With reports offering varying estimates on how long coronavirus will be a crisis here in the U.S., New York governor Andrew Cuomo believes the pandemic could be an issue for his state for up to the next nine months, leading into early 2021.
“This is not a short term situation,” Cuomo told reporters in Albany on Sunday morning. “This is not a long weekend. This is not a week.”
“It is going to be four months, six months, nine months,” Cuomo added. “You look at China, once they really changed the trajectory—which we have not done yet—eight months. We’re in that range.”
According to Mediate, he also dropped a discouraging bombshell: Up to 80 percent of people could wind up being infected by COVID-19.
“The timeline—nobody can tell you, it depends on how we handle it—but 40 percent, up to 80 percent of the population will wind up getting this virus, all we’re trying to do is slow the spread,” Cuomo said. “But it will spread; it is that contagious.”
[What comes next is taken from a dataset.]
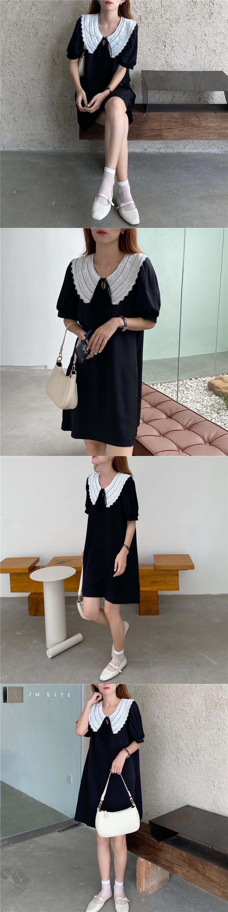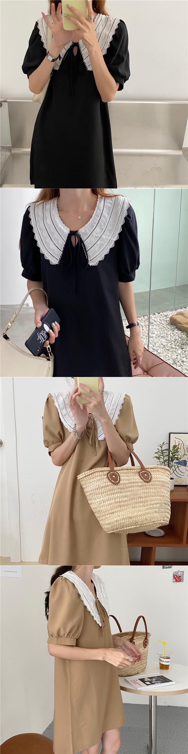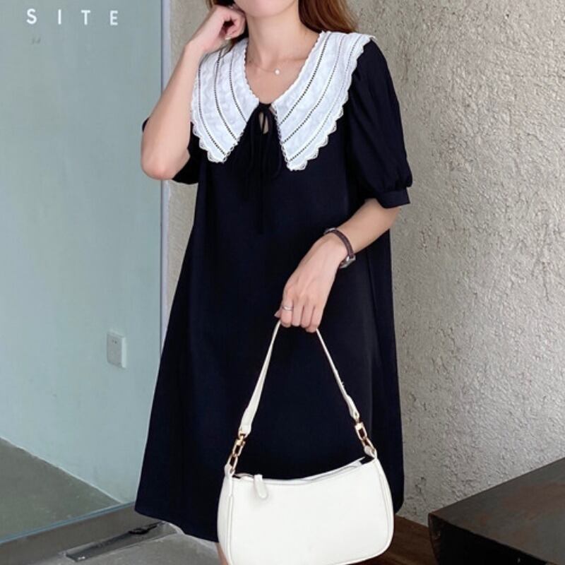 レースカラールーズスリーブドレス サマースタイルスカート 大人ガーリー スウィート キュート カジュアル 夏物 韓国婦人90319635339

As of March 23, the Empire State alone has more than 20,000 reported cases, roughly 5 percent of the world’s cases, and at least 157 deaths, almost 1 percent, NBC New York reported. While on Friday Cuomo issued a statewide shutdown, over the weekend he reminded fellow New Yorkers to remain calm.
“All essential services will be maintained. There’s not going to be chaos, there’s not going to be anarchy,” he assured. “Life is going to go on. Different, but life is going to go on.”